In 1096, a scandal occurred when empress Meng was accused of witchcraft. When her infant daughter became ill, the empress asked her sister for advice. Her sister brought her "talisman-water", which was used by daoist-priest to cure illness. Meng had protested because such practices were banned in the palace, but the emperor commented that it was harmless. Nonetheless, rumors of witchcraft started to surround the empress. When the baby's illness grew worse, the empress noticed "token paper money" beside the child and suspected Consort Liu of using witchcraft against her. Soon after, a nun, a eunuch, and the adoptive mother of Meng was accused of having used witchcraft to help the empress, thereby implicating her. Thirty palace women and eunuchs were tortured during the investigation. The nun and the eunuch was executed, accused of having used black magic toward Consort Liu, and the adoptive mother of Meng was executed accused of having used magic to make the emperor fall in love with the empress. Empress Meng herself was stripped from her title and sent to a Daoist nunnery.
In 1100, Emperor Zhezong was succeed by his brother, Emperor Huizong of Song. He had his legal mother, the Dowager Empress Xiang, appointed his co-regent. Xiang, who had always favored Meng before Liu and opposed the deposition and banishment of Meng, returned the Imperial rank to Meng, granting her the title of Empress Dowager. Upon the death of her benefactor Empress Dowager Xiang in 1102, however, she was forced to return to the nunnery.

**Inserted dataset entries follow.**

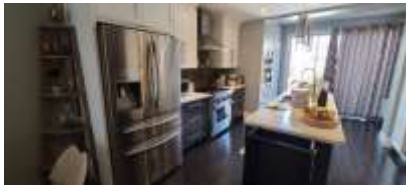
Pic. 16: Kitchen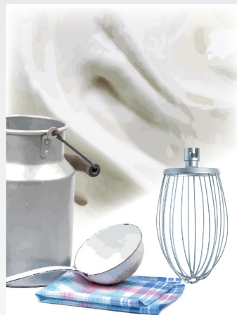
Beating whisk, stainless steel with Ø 2,5 mm wires 15 00 228*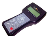
PWHY280 Simple remote control with Display/ Control remoto simple con visor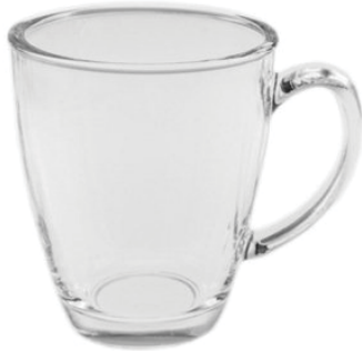
262 Glass Coffee Cup 12oz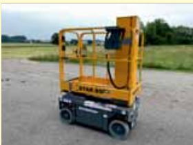
22741 - Haulotte Star 8S 7,95m - Battery - year 2021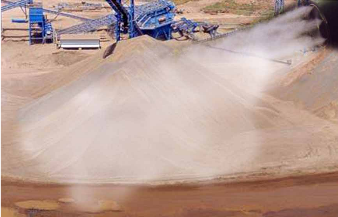
Figure 6: Evaporative Cooling of Stockpiles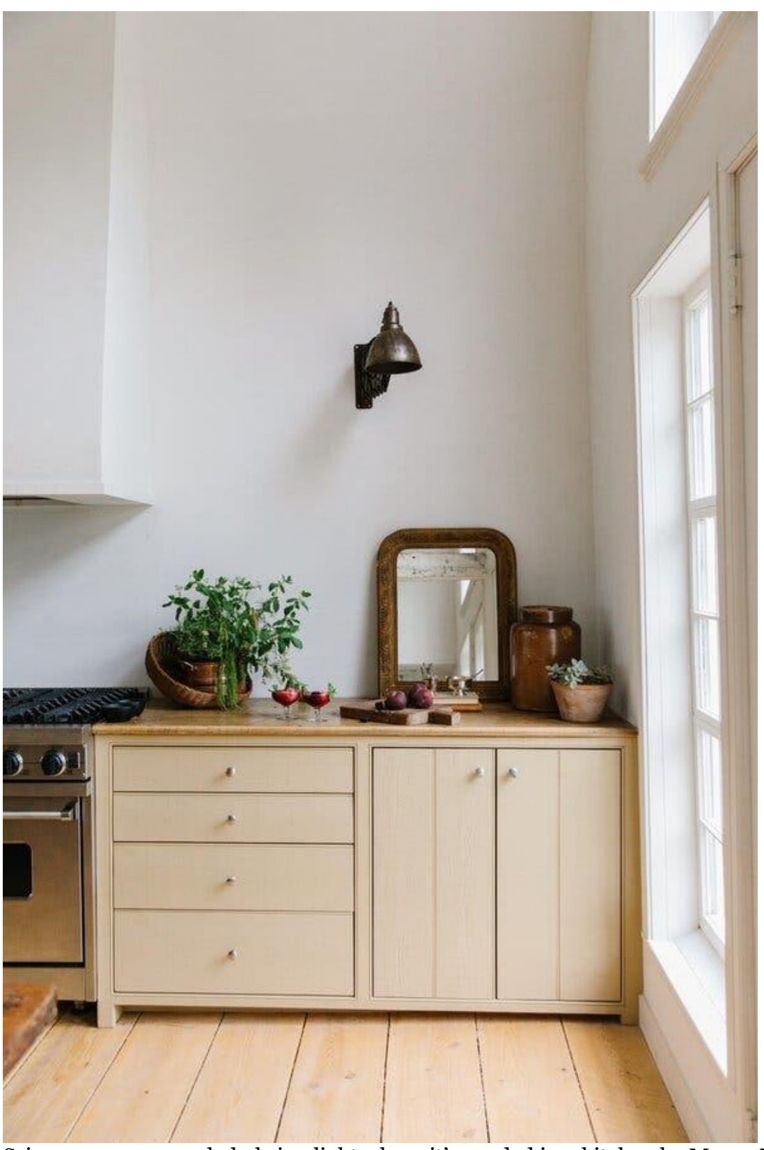
Scissor-arm sconces help bring light where it's needed in a kitchen by Moore House Design.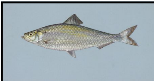
Alewives, the primary forage for Chinook salmon in Lake Michigan.

ANN ARBOR – Lake Michigan's prey fish population grew in 2012, but not enough to put aside concerns about the potential for collapse, according to federal scientists who conduct annual prey fish assessments on the Great Lakes.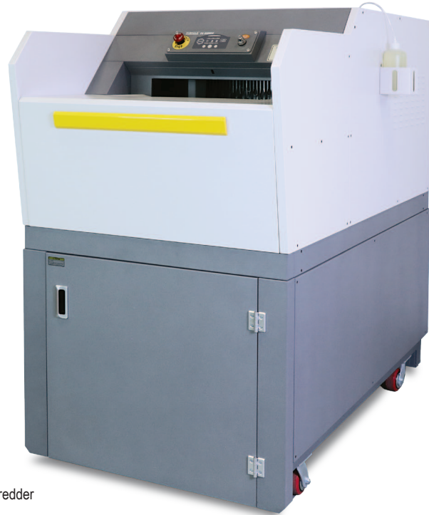
FD 8906CC Industrial Shredder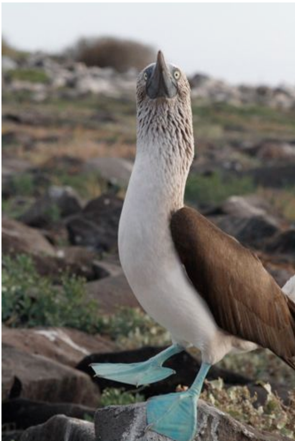
The mating dance of the Blue Footed Boobie.

Along the coast sea lions and marine iguanas surf on the waves. Here you have another chance to get in the water to snorkel, this time in fairly deep water. (b,l,d)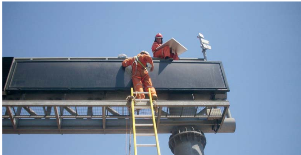
RADWIN’s solutions installed on billboard signs along Chile’s A-16 highway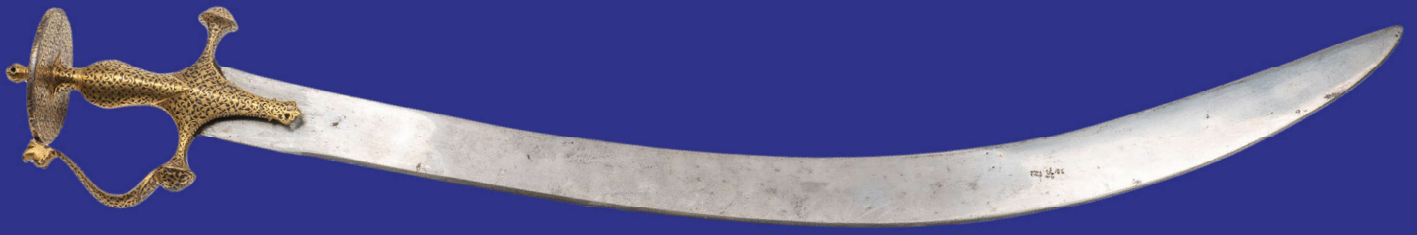
| Inscribed and gold-damascened sword. Punjab, circa 1850. Kapany Collection of Sikh Art. Courtesy of The Sikh Foundation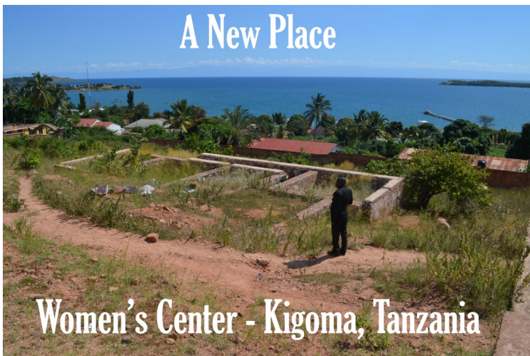
Women's Center - Kigoma, Tanzania

St. Mark's has had a wonderful history with our Christmas Eve offerings. Each year money collected during Christmas Eve Services goes somewhere in the world to make a real difference in the world for the kingdom. This year we will be assisting to build a Women's Center in Kigoma, Tanzania. The Center will be next to the St. Mark's Methodist Church we helped to build there and will be heavily involved in the community to provide opportunities for events, teaching, shelter and other community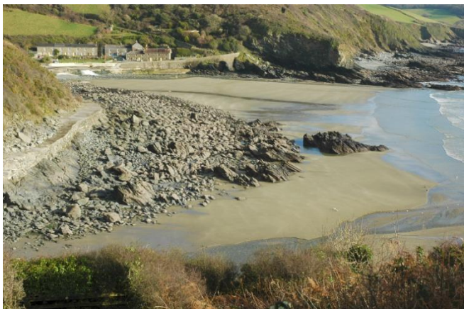
East Portholland and West Portholland with Perbean beyond

Two valleys reach the coast within 300m of each other and form a fine sandy beach at low water with East Portholland on one side with its collection of cottages and the smaller West Portholland on the other. Both settlements and are part of the Caerhays Estate.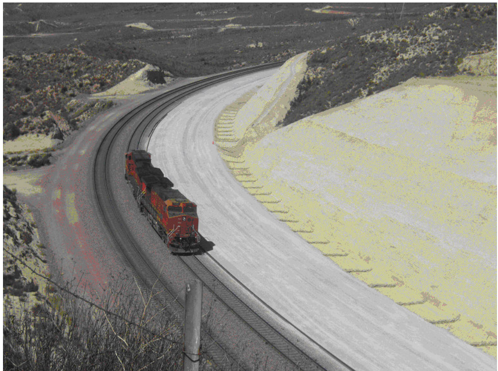
A brace of helpers return to San Bernardino through the freshly widened cut at the west end of Summit

These photos are in full color on the web!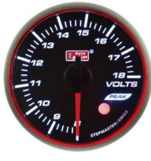
52AGVO-RPK ELECTRICAL VOLT GAUGE ! <11.5V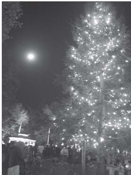
Hundreds of people turned out to Civic Park for last year's Holiday Tree Lighting.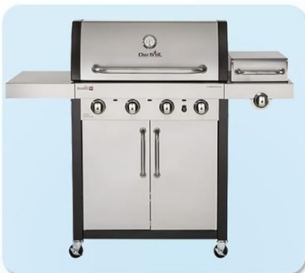
Charbroil Commercial TRU-Infrared 4-Burner

463242715 463242716 466242715 466242716 466242815 466242816 463257520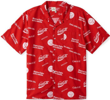
COKE RED 01371-CKERD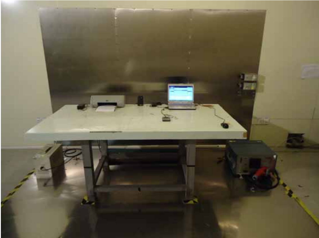
Front View of conducted emission measurement

Emperor Huizong abdicated in favor of his son Emperor Qinzong in 1126. In 1127, the capital of Kaifeng was captured by the Jurchen during the Jin–Song Wars. The Emperor Qinzong was deposed, and him, as well as his predecessor Emperor Huizong and most of the Imperial family and court, was captured and exiled to Manchuria in what was called the Jingkang Incident. The consorts and concubines and palace women of the emperors who were taken captured were distributed among the Jurchen. Though residing in Kaifeng, Empress Dowager Meng was not taken captive with the rest of the court, simply because she was living in a temple and not at the Imperial court.
Instead of annexing the Song land, the Jurchen Jin dynasty created a buffer state named Chu, and installed Zhang Bangchang, a former prime minister of the Song Dynasty, as the emperor of a puppet dynasty named Da Chu. The only member of the Song dynasty left in the capital of Kaifeng was empress dowager Meng, which gave her great status. Zhang Bangchang asked for her support to ensure some sort of dynastic legitimacy to his rule. He appointed her regent with the title Empress Dowager Yuanyou.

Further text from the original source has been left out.